To determine \(N_l(\mathbb {S}')\) and \(N_m(\mathbb {S}')\), we use the connection between certain homology groups as described in [13], Theorem 8.2] and [14], Result 12.4]. To be precise, we want to find every \(q\)-linearized polynomial \(A(X)\) over \(\mathbb {F}_{q^4}\) such that for every \(y\in \mathbb {F}_{q^4}\), there is a \(y'\in \mathbb {F}_{q^4}\) satisfying \(A(x)\circ y= x\circ y'\) for every \(x\in \mathbb {F}_{q^4}\). The set \(\mathcal M(\mathbb {S}')\) of all such \(A(X)\) is equivalent to the middle nucleus \(N_m(\mathbb {S}')\).

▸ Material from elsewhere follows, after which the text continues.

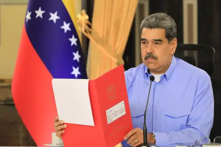 Venezuelan President Nicolás Maduro holding the draft of a decree regarding external unrest; the decree will protect Venezuela from US military aggression scenario. Miraflores Palace, Caracas, September 23, 2025. Photo: Venezuela's Presidential Press.
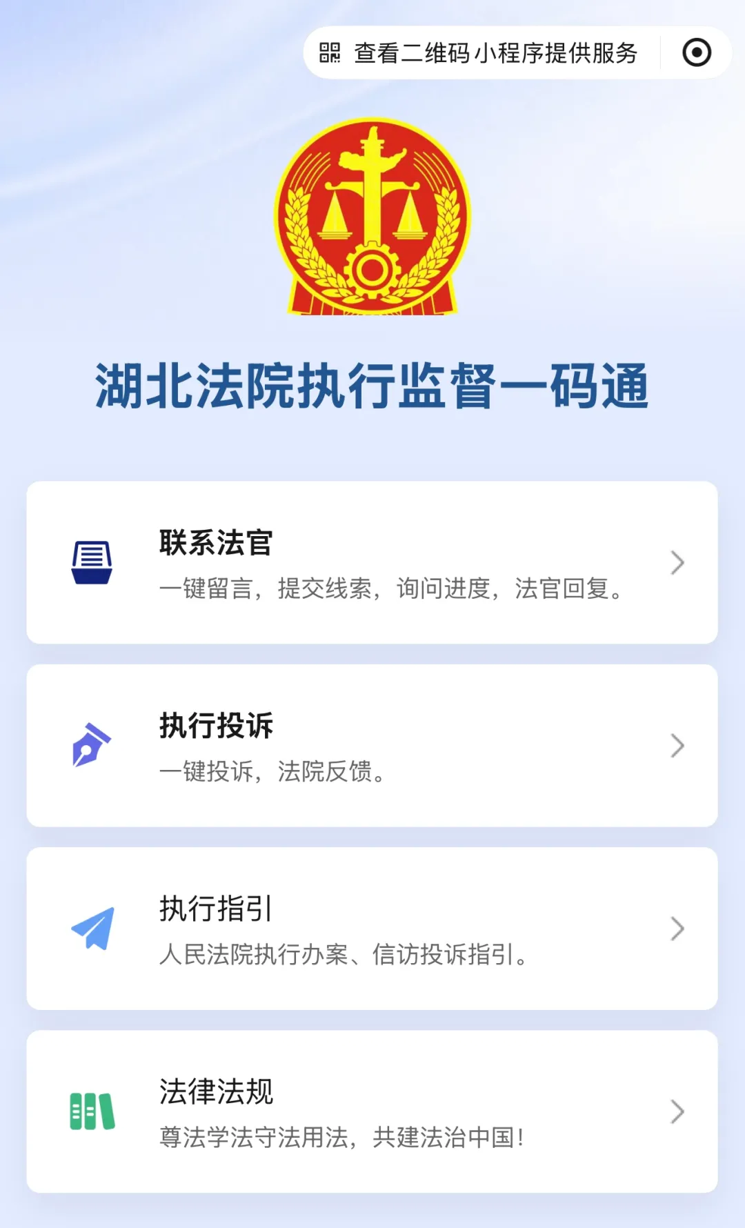 “一码通”将执行服务与监督功能整合于指尖,扫码即用、操作简单、反馈及时。欢迎您体验使用,共同推动执行工作更加规范、透明、高效。

First, it is routine to verify that \(A(X)=uX\) with \(u\in \mathbb {F}_q\) is in \(\mathcal {M}(\mathbb {S}')\). Next we show that there are no other \(A(X)\) in \(\mathcal {M}(\mathbb {S}')\).

Assume that

$$\begin{aligned} A(x)y+ {\mathrm {Tr}}_{q^4/q}(A(x))(a_1y^{q^2}+\tilde{a}_0y)=xy'+ {\mathrm {Tr}}_{q^4/q}(x)(a_1y'^{q^2}+\tilde{a}_0y') \end{aligned}$$
(3.10)

holds for every \(x\in \mathbb {F}_{q^4}\).

Let \(x_0\in \mathbb {F}_{q^4}^*\) be such that \( {\mathrm {Tr}}_{q^4/q}(x_0)= {\mathrm {Tr}}_{q^4/q}(A(x_0))=0\). Then

$$\begin{aligned} A(x_0)y=x_0y'. \end{aligned}$$

It means that \(y'=uy\) holds for each \(y\in \mathbb {F}_{q^4}\), where \(u=A(x_0)/x_0\). Plugging it into (3.10), we have

$$\begin{aligned} A(x)y+ {\mathrm {Tr}}_{q^4/q}(A(x))(a_1y^{q^2}+\tilde{a}_0y)=uxy+ {\mathrm {Tr}}_{q^4/q}(x)(a_1(uy)^{q^2}+\tilde{a}_0uy). \end{aligned}$$

From this equation we can deduce that

$$\begin{aligned} A(x)-ux+( {\mathrm {Tr}}_{q^4/q}(A(x))- {\mathrm {Tr}}_{q^4/q}(x)u)\tilde{a}_0= & {} 0, \end{aligned}$$
(3.11)
$$\begin{aligned} ( {\mathrm {Tr}}_{q^4/q}(A(x))- {\mathrm {Tr}}_{q^4/q}(x)u^{q^2})a_1= & {} 0. \end{aligned}$$
(3.12)

Since \(a_1\ne 0\), from (3.12) we see that

$$\begin{aligned} {\mathrm {Tr}}_{q^4/q}(A(x))=u^{q^2} {\mathrm {Tr}}_{q^4/q}(x) \end{aligned}$$
(3.13)

for every \(x\in \mathbb {F}_{q^4}\). From (3.13) it follows that \(u\in \mathbb {F}_q\). Therefore, by (3.11), we have \(A(x)=ux\) where \(u\in \mathbb {F}_q\). Hence \(|N_l(\mathbb {S})|=|N_m(\mathbb {S}')|= q\).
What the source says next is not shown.